In particular, the known rotors can only be used for carrying out one analytical determination for a number of samples in one run of the rotor. As a rule, however, in the clinical laboratory a series of different analytical determinations must be carried out on a sample, for example blood from a patient, which, in toto, are also called the profile. In the case of the known analyzers, this necessitates a considerable amount of organization. Thus, the individually necessary analytical determinations, communicated, for example, by the physician to the clinical laboratory, must be carried out gradually in separate rotor runnings on one or more centrifugal analyzers. Thereafter, the separately determined data must be collated and passed on to the physician. This complicated procedure not only requires a considerable amount of organization but is, unfortunately, not infrequently the cause of errors of communication which can possibly result in false therapeutic measures being carried out by the physician. Thus, there is a need for centrifugal analyzers which can be adapted more variably and flexibly to various tasks and which, in particular, can be used for profile analyses or at least for several different analytical determinations in one rotor running. This is especially necessary for emergency analyses where, under certain circumstances, several different analytical determinations must be carried out in the shortest possible time for one sample, i.e. for one patient.

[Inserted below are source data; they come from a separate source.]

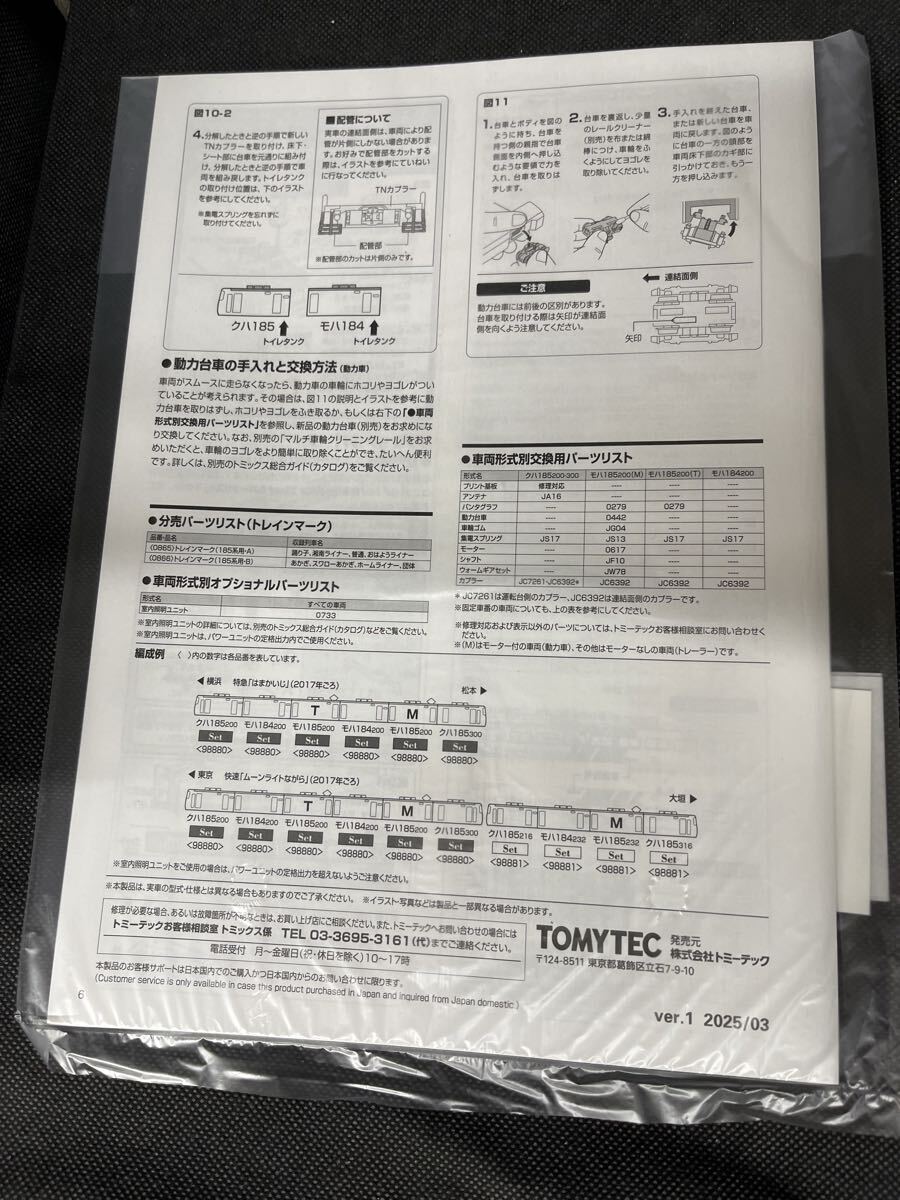送料無料 新品 ばらし TOMIX トミックス 98880 98881 JR 185-200系特急電車 はまかいじ(B7編成・踊り子色・強化型スカート)セットより インレタ 説明書
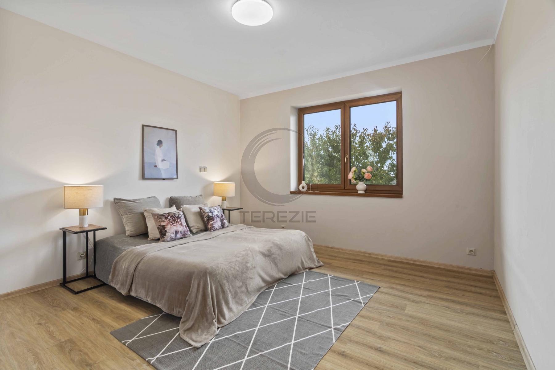 V přízemí domu se nachází obývací pokoj s přípravou na krb, prostor pro kuchyňský kout se vstupem na terasu, 3 samostatné ložnice, koupelna, toaleta, technická místnost a šatna s žebříkem do podkroví. V podkroví tohoto domu se nachází další prostor o výměře cca 100 m2, který může sloužit jako ateliér/herna/kancelář.
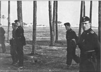 Групповая фотография с большим количеством пулеметных лент. Слева направо: Эрнст Белох, Ханье Тайсен и Георг Тост, который долгое время был водителем в танке Альфреда Руббеля. Белох, в звании фельдфебеля, 19 октября 1944 года в 509-м тяжелом (тигровом) танковом батальоне был награжден Немецким крестом в золоте.
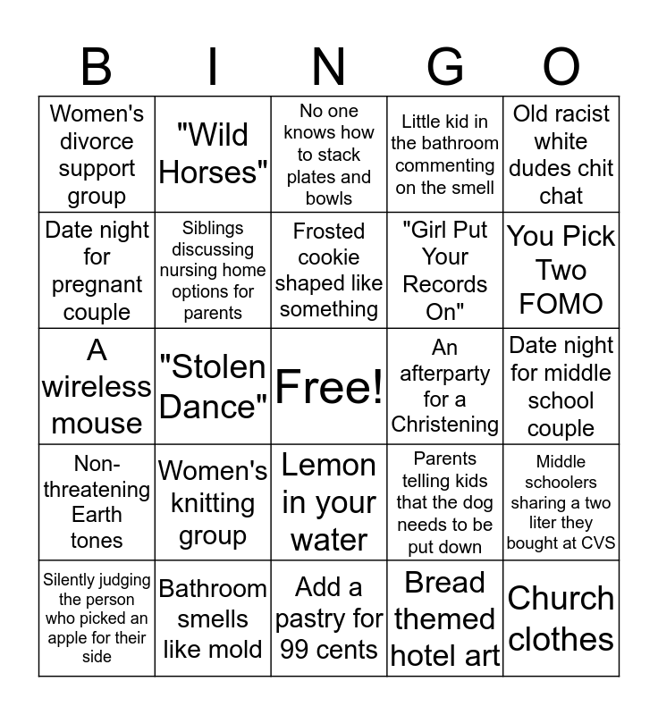 This bingo card has a free space and 24 words: Women's knitting group, Bathroom smells like mold, Frosted cookie shaped like something, Silently judging the person who picked an apple for their side, Old racist white dudes chit chat, Women's divorce support group, Date night for pregnant couple, "Wild Horses", An afterparty for a Christening, Lemon in your water, "Girl Put Your Records On", A wireless mouse, Parents telling kids that the dog needs to be put down, Middle schoolers sharing a two liter they bought at CVS, Siblings discussing nursing home options for parents, Bread themed hotel art, Date night for middle school couple, No one knows how to stack plates and bowls, You Pick Two FOMO, "Stolen Dance", Church clothes, Non-threatening Earth tones, Little kid in the bathroom commenting on the smell and Add a pastry for 99 cents.
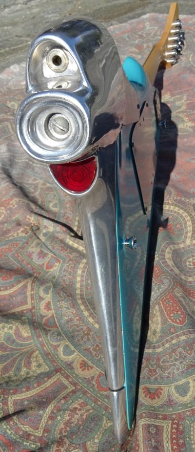 80'S AMERICAN SHOWSTER GUITAR SHEVY AS-57 CLASSIC, Turquoise, like the tailfin of a ´57 Chevy, operational chromed tailfin brake-light assembly, All original 100% in near mint conditions RARE FIRST EDITIONS
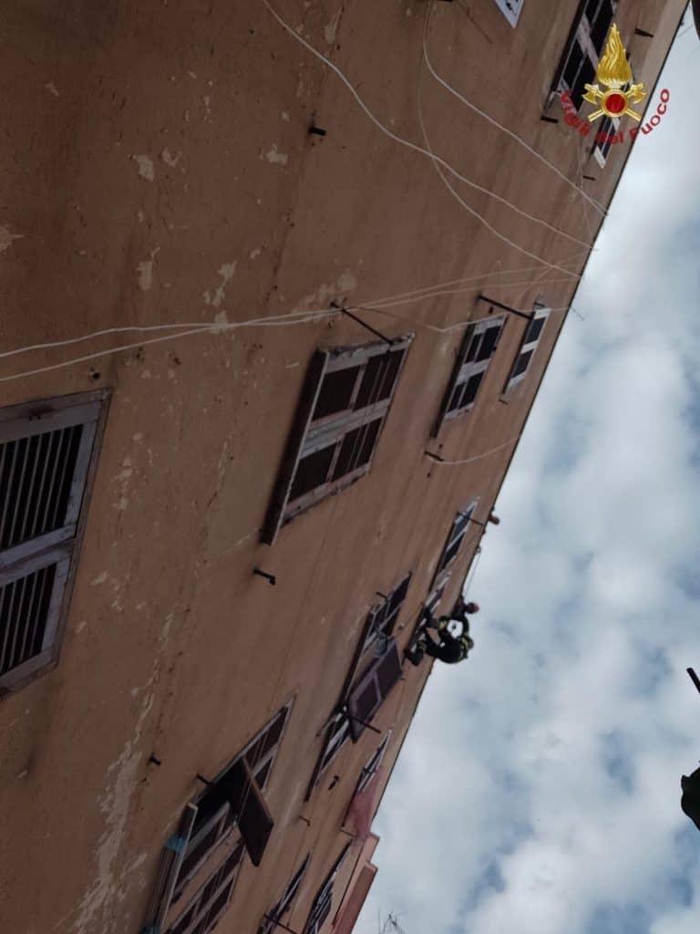 Per poter entrare nell’abitazione, gli operatori si sono calati lungo la parete esterna della palazzina, per raggiungere una delle finestre dell’appartamento.

Another problem of clinical chemistry which is not only typical for centrifugal analyzers is that, in the case of the known devices, obtaining the sample, i.e. especially obtaining serum of plasma from blood, and preparing the sample, i.e. especially diluting serum or plasma to the concentrations necessary for the analysis, take place in separate working steps away from the analysis device. It is readily apparent that, in this way, additional manual working steps and, in particular, decanting steps are necessary. These can, in turn, again result in mistakes being made or can, for example, also result in contamination of the samples.